Depositional architectures and evolutional processes of channel systems in lacustrine rift basins: The Eocene Shahejie Formation, Zhanhua depression, Bohai Bay Basin

Abstract

Channels are considered effective conduits that deliver terrigenous sediments into related depositional basins, and they are the targets of petroleum exploration and production. Three-dimensional (3D) seismic data, well data, and attribute maps were used to study five types of channels observed in the Shahejie Formation of the Zhanhua Depression, namely erosional channels, confined channels, semi-confined channels, distributary channels, and transitional channels. The channels originated from hyperpycnal flows related to bed load, suspended load, and lofting processes from proximal to distal regions, which were primarily accumulated on medium and low terrains.

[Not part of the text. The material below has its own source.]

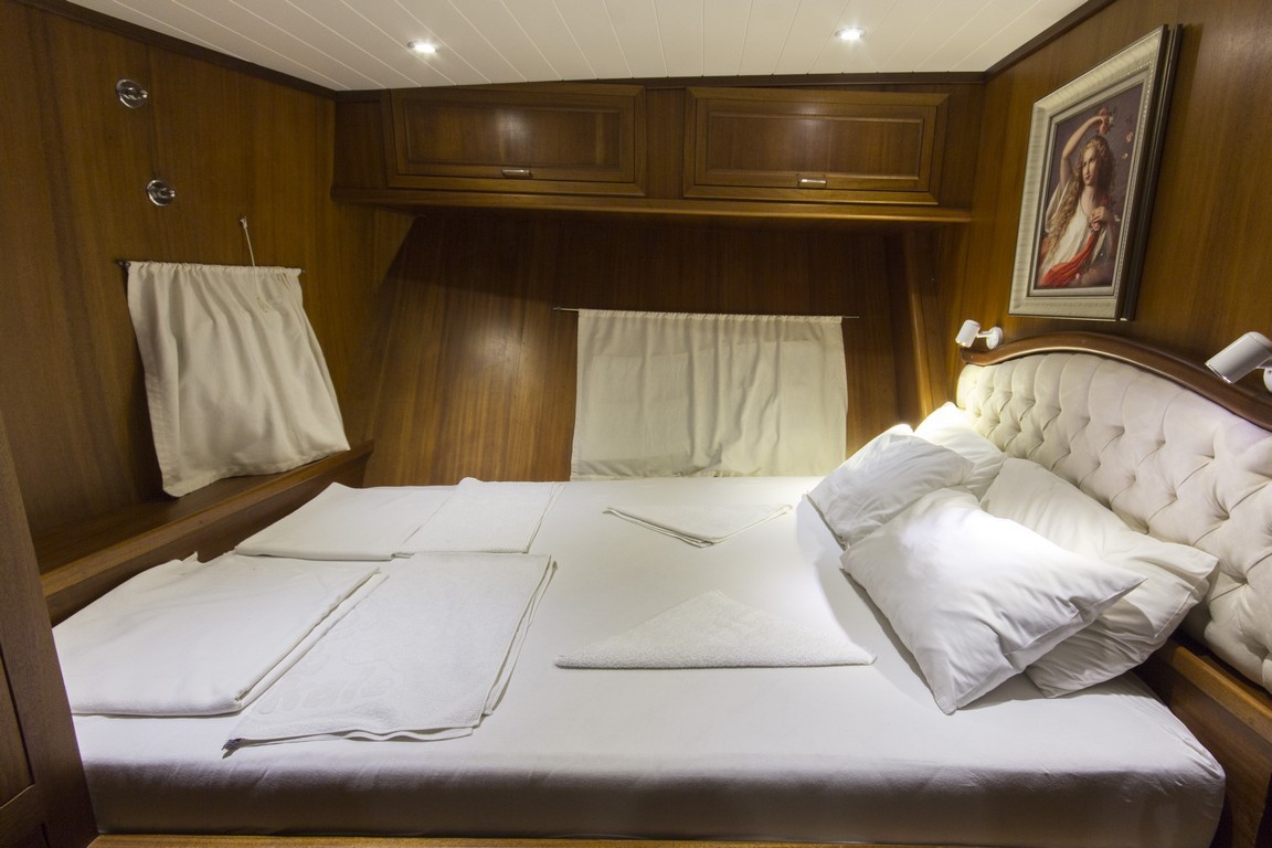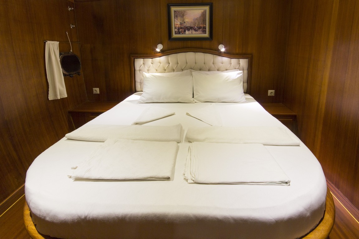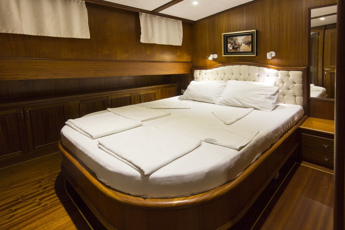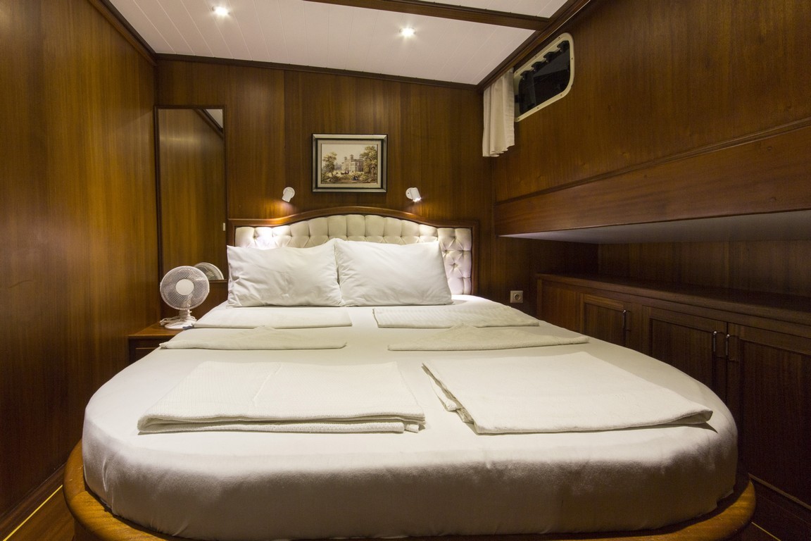 Unser Gulet mit 9 Kabinen hat 1 Master-, 6 Doppel- und 2 Zweibettkabinen, mit Klimaanlage, Toilette und Dusche in jeder Kabine, und bietet problemlos Platz für insgesamt 18 Gäste. Das große und komfortable Wohnzimmer ist mit Geräten wie Fernseher, Satellitenfernsehen und CD-Player ausgestattet, um Ihre Zeit außerhalb des Meeres noch angenehmer zu gestalten. Während Sie die in unserer voll ausgestatteten Küche zubereiteten Mahlzeiten genießen, können Sie auch jeden Blauton entdecken.

The hyperpycnal channel systems were primarily identified as three stages with morphological changes in the Es3l and Es3m intervals on a seismic section. Stage 1 was developed during the late period of the Es3l interval, and stages 2 and 3 were developed during the early and middle periods, respectively, of the Es3m interval. Stage 1 is the initial/young stage formed during a phase of low accommodation. Channels of stage 1 are predominantly entrenched with moderately aggregated width and thick channelized splays. Stage 2 is the transitional stage formed during a phase of increasing accommodation. Channels of stage 2 are predominantly meandering with narrowly aggregated width and dispersed frontal splays. Stage 3 is a waned stage, formed during the events of increasing lake levels without comparable increase in sediment flux. This stage involves slight incisions, broad U-shaped morphology channels, and the prevalence of overbank sediments. The depositional architectures, processes, and the development of hyperpycnal channel systems correspond with the lake level and climate conditions of the proposed stages and were controlled by tectonic activity and source supply. Understanding the distribution and development of lacustrine hyperpycnal channels is important to improve and enrich theories of lacustrine sediment gravity flow.